The word seems a question unto itself. Composed of at least five sounds, it involves most of the mouth to say it. Comprising at least four distinct meanings, each with a separate etymology, its presence alone on the page leaves one uncertain if it refers to something which can be heard, to a sea channel, to health or to probing the depths. That is, until it is given context, and even then, all its meanings will swirl around it, and into us.
The context here is primarily sound as something heard and something made. So one question that arises is, how important to you is sound as a quality in haiku? How strong a factor is it in how you compose your poems, and in your enjoyment in reading them? Do you edit with sound in mind? We often celebrate the senses, and seek their renewal with haiku, but do you value the taste of words themselves and what they make your mouth do? (The poet Donald Hall refers to this pleasure as “milktongue”). Or do you regard it as a poetic device to be downplayed, or avoided?

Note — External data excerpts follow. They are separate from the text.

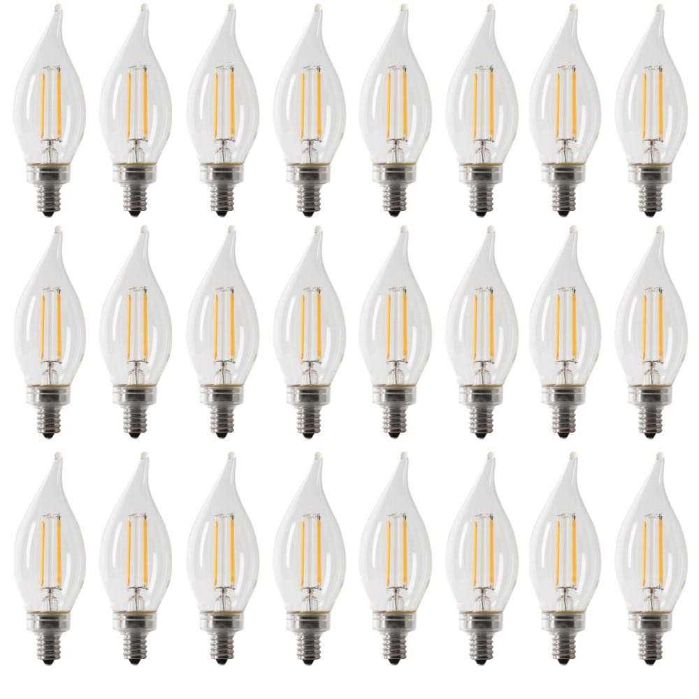 Feit Electric filament flame tip BA10 LED bulbs let you enjoy all the benefits of advanced LED energy-saving technology with a high-CRI decorative bulb. The BPCFC60927CAFIL/4 emits 500 Lumens of light while using just 5.5 Watts (60-Watt equivalent) of electricity, and estimated energy costs only $0.66 per year. It’s 2700K Soft White glow perfectly sets a relaxing, cozy atmosphere ideal for spaces that need a light source without the worry of a harsh glare. Use this bulb in any fixture with a Candelabra E12 base socket such as chandeliers, wall sconces, coach lanterns and more. Marry the feel and look of classic bulbs with the advantage of LED technology. It’s stylish traditional design with exposed filament encased in clear glass instantly livens up the decor of any room all while saving up to 90.8% more energy than standard bulbs and lasting up to 15,000 hours. A 90+ CRI brings out true colors making them look vibrant and skin tones look natural. This bulb is fully dimmable giving you the ability to dim down when watching movies, having a romantic dinner or up when you need to focus on other tasks such as homework. Create a long-lasting, energy-efficient beautiful glow that brightens your home and commercial space.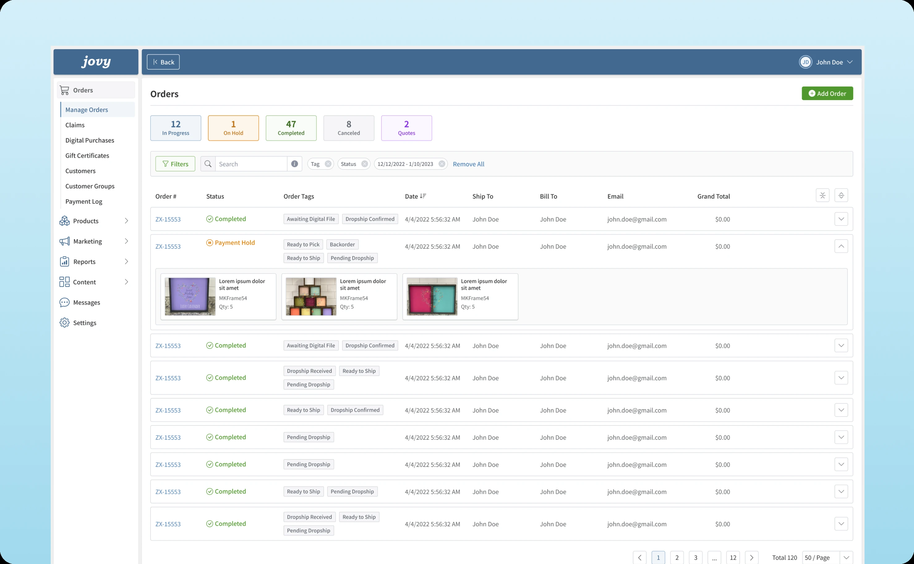 Backorders, dropshipping arrangements, and urgent orders get visual priority. Merchants can scan the dashboard and know instantly what needs action today versus what's on track.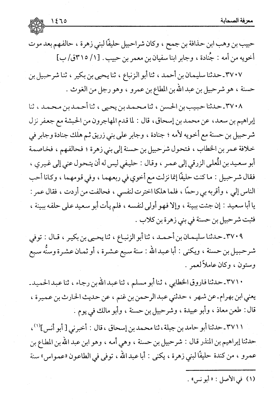 ٣٧١١ - حَدَّثَنَا أَبُو حَامِدِ بْنُ جَبَلَةَ، ثنا مُحَمَّدُ بْنُ إِسْحَاقَ، قَالَ: أَخْبَرَنِي أَبُو أَنَسٍ، حَدَّثَنَا إِبْرَاهِيمُ بْنُ الْمُنْذِرِ، قَالَ: " شُرَحْبِيلُ ابْنُ حَسَنَةَ، وَهِيَ أُمُّهُ، وَهُوَ ابْنُ عَبْدِ اللهِ بْنِ الْمُطَاعِ بْنِ عَمْرٍو، مِنْ كِنْدَةَ حَلِيفًا لِبَنِي زُهْرَةَ، يُكْنَى: أَبَا عَبْدِ اللهِ، تَوَفَّى فِي الطَّاعُونِ «عَمَوَاسَ» سَنَةَ ⦗١٤٦٦⦘ ثَمَانَ عَشْرَةَ، وَهُوَ ابْنُ سَبْعٍ وَسِتِّينَ "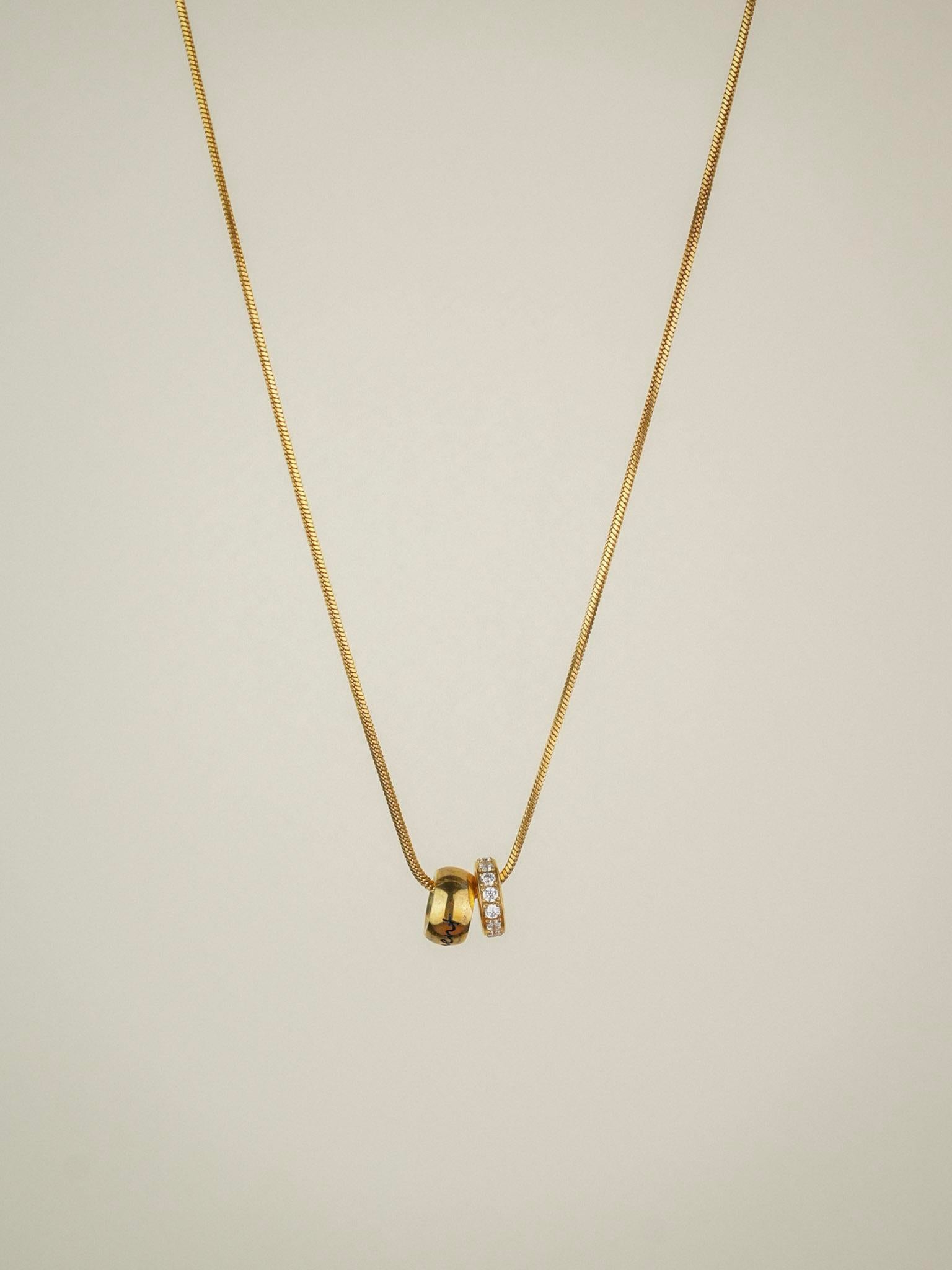 The Heureuse Rings Pendant is a tribute to joy and connection — two interlocking rings, one engraved with the word “Heureuse” (happy), the other encrusted with dazzling zircon crystals. A soft reminder that happiness often blooms through the bonds we choose and the light we carry.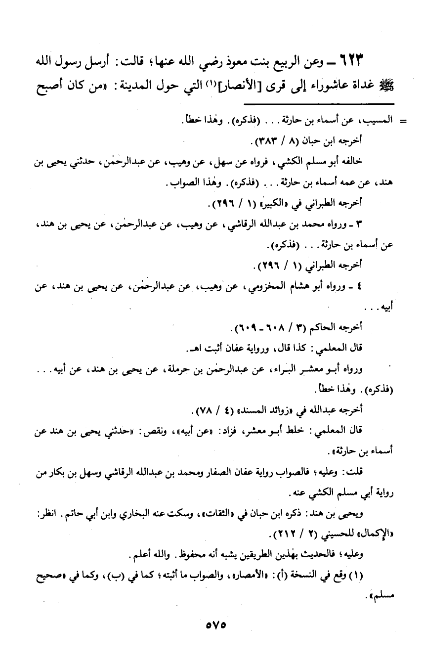 623 - وعن الربيع بنت معوذ رضي الله عنها؛ قالت: أرسل رسول الله صلى الله عليه وسلم غداة عاشوراء إلى قرى [الأنصار] التي حول المدينة: «من كان أصبح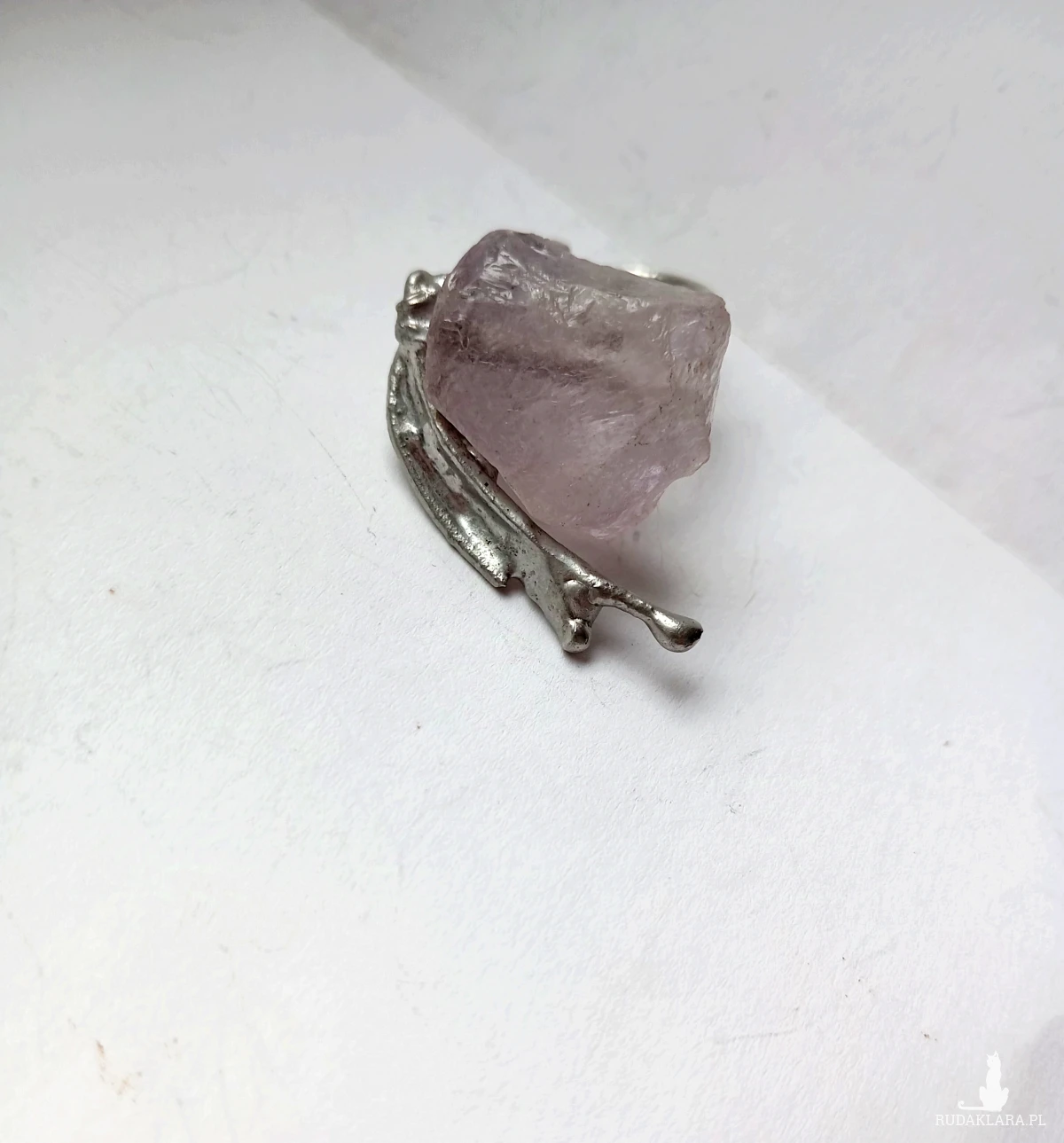Pierścionek z fioletowym jadeitem, regulowany, pojedynczy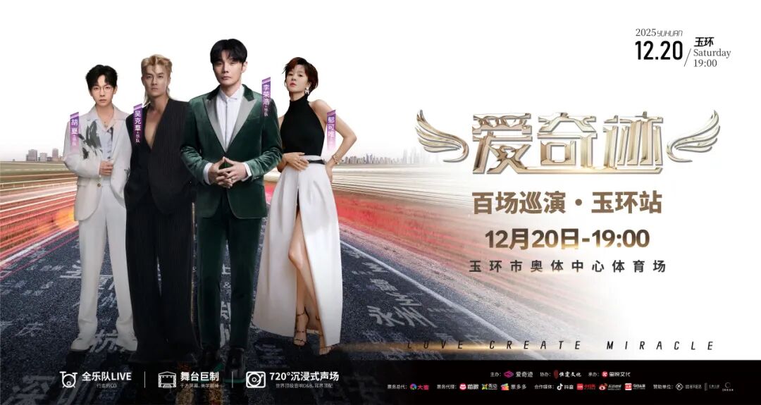 愛(ài)奇跡百場(chǎng)巡演 · 玉環(huán)站 倒計(jì)時(shí)開(kāi)啟 2025年12月20日 19:00 玉環(huán)奧體中心體育場(chǎng) 我們共同奔赴一場(chǎng) 盛大的聲光之約 以下為你整理好一份 貼心觀演指南 助你順利赴約、沉浸享受~ 演出時(shí)間 2025年12月20日19:00 演出地點(diǎn) 玉環(huán)奧體中心體育場(chǎng) 演出陣容 李榮浩 吳克群 郁可唯 胡夏 檢票時(shí)間 17:00-20:30 (檢票截止時(shí)間以現(xiàn)場(chǎng)實(shí)際為準(zhǔn))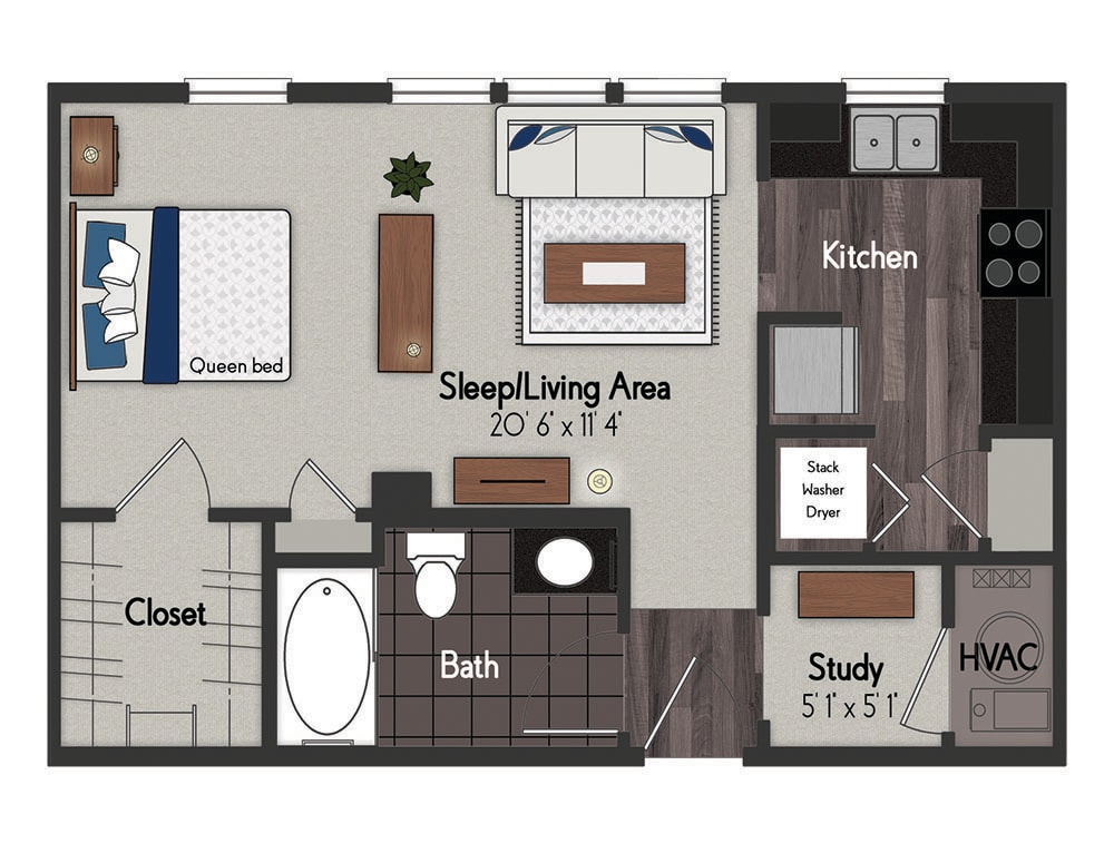 Studio, 1 Bath, 667 sq ftModel Gallery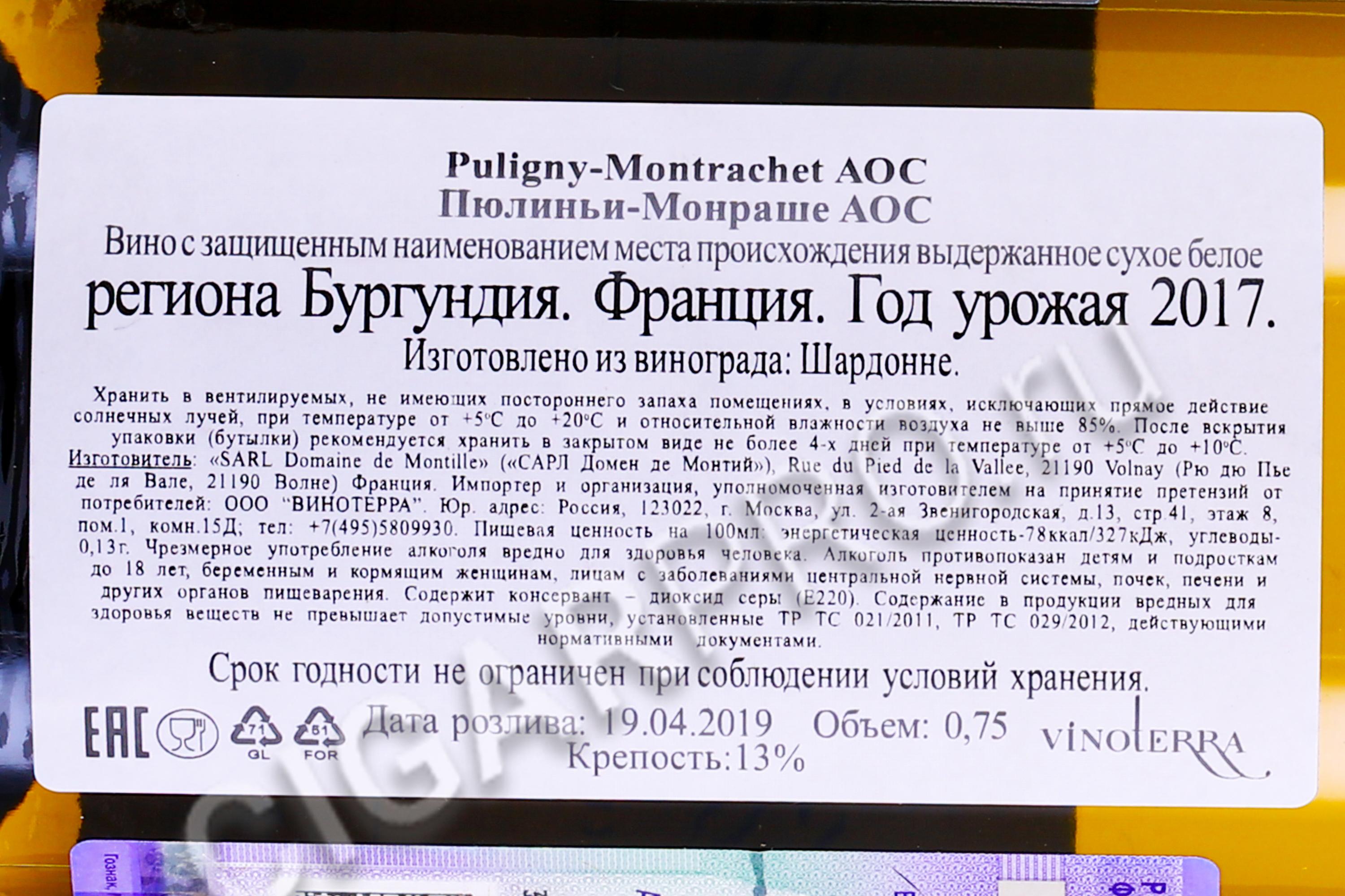 - Puligny Montrachet AOC Вино Пюлиньи Монраше АОС 2017 0.75л

As always, I encourage you to find your own point of entry into this Sailing. But what I would encourage most, is that you (and I will do the same) present for our pleasure and consideration a haiku (or two, or three) which you feel is greatly enhanced by the play of sound, whose meaning perhaps, is inseparable from its body. Can you say a thing or two about it? I look forward to seeing which haiku you choose to show us, and to the sounds you make on the subject of sound.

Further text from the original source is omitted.